Kenya will receive $200 million from the World Bank to fund several development programmes aimed at improving the country’s food security. The institution is in talks with the Kenyan government about a new loan that will be channeled through several agriculture value chains.
According to Vinay Kunar Vutukru, the World Bank’s senior agricultural economist, talks are expected wrap up within the next eight weeks. The World Bank is currently investing $500 million in several other projects in the sector.
“We are currently in talks with the government with a view to continue our support to the agriculture sector to enhance food production,” said Vutukuru.
Vutukuru made the comments during the Nairobi inauguration of a five-year migration and invasive pests and weeds control strategy, hosted on Monday, 7 February.

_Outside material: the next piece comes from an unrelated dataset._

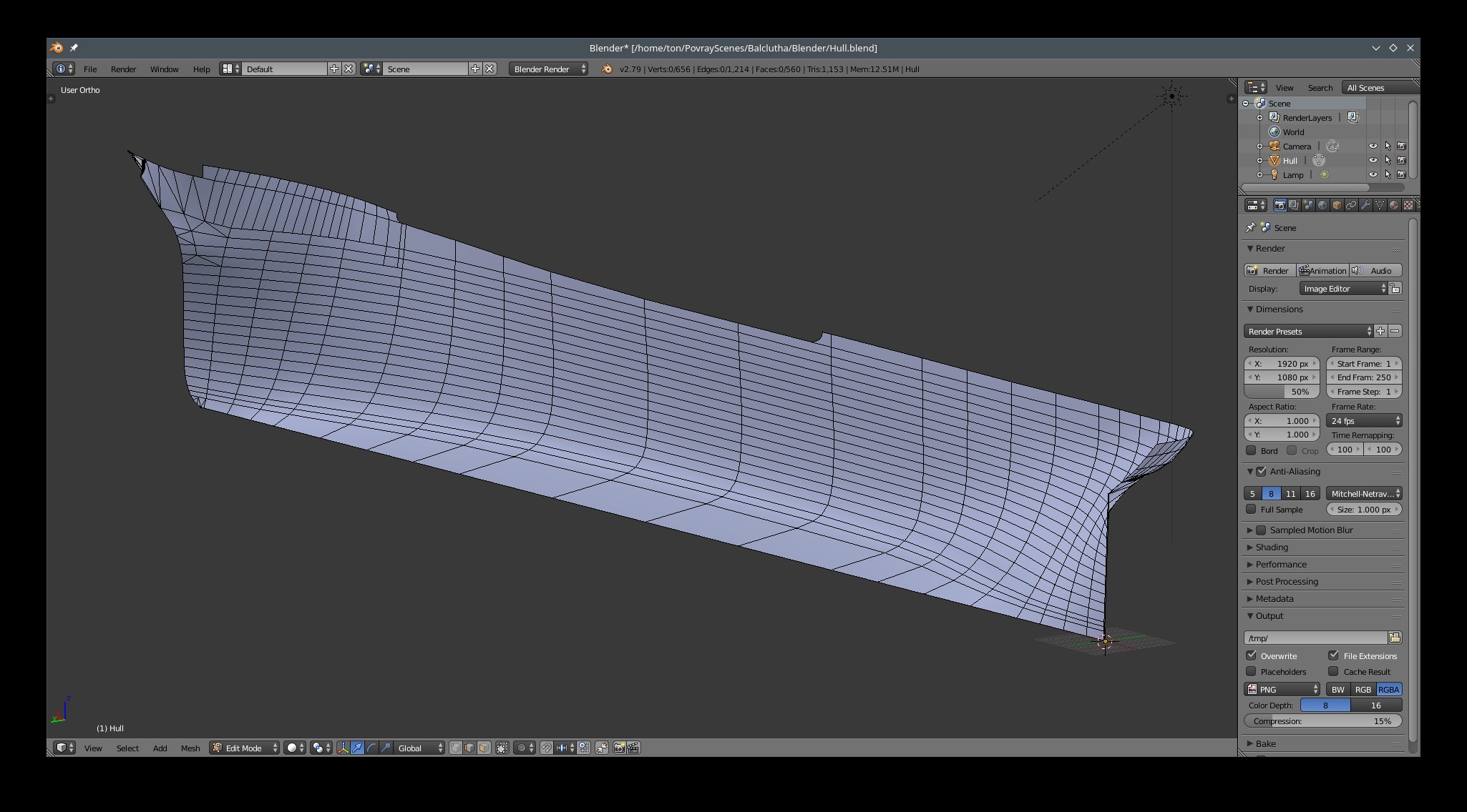 I have mirrored the hull, added the keel, which are povray objects from

In 2019, desert locusts reached Kenya, ravaging thousands of acres and posing a serious danger to food security. The catastrophe caused by the locust invasions, underlined the necessity for a well-coordinated, multi-sectoral and multi-stakeholder approach to migratory and invasive pest control, said Kenya’s agriculture cabinet secretary Peter Munya.

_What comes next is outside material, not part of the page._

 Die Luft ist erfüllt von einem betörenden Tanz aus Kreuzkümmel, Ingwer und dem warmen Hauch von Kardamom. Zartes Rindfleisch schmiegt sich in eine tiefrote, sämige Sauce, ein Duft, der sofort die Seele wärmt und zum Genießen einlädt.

The lessons learned from the invasion, as well as the introduction of other invasive pests and weeds, have shown institutional and coordination weaknesses, according to Munya.
“This ministry with the support of the Food and Agriculture Organisation and the World Bank spearheaded the development of the Strategy for Management of Migratory and Invasive Pests,” he said, as reported by The East African.
Kenya had previously received a loan from the World Bank for the sum of $200 million, in June of 2018.
“The World Bank today approved a $200 million International Development Association (IDA)* credit to assist Kenya in managing the impacts of climate and disaster risks,” the bank said in a statement released at the time. “Extreme climatic events have long threatened development progress in Kenya, where 84% of the land is classified as arid or semi-arid, and where droughts and floods are estimated to cost the economy over 2% of GDP each year on average.”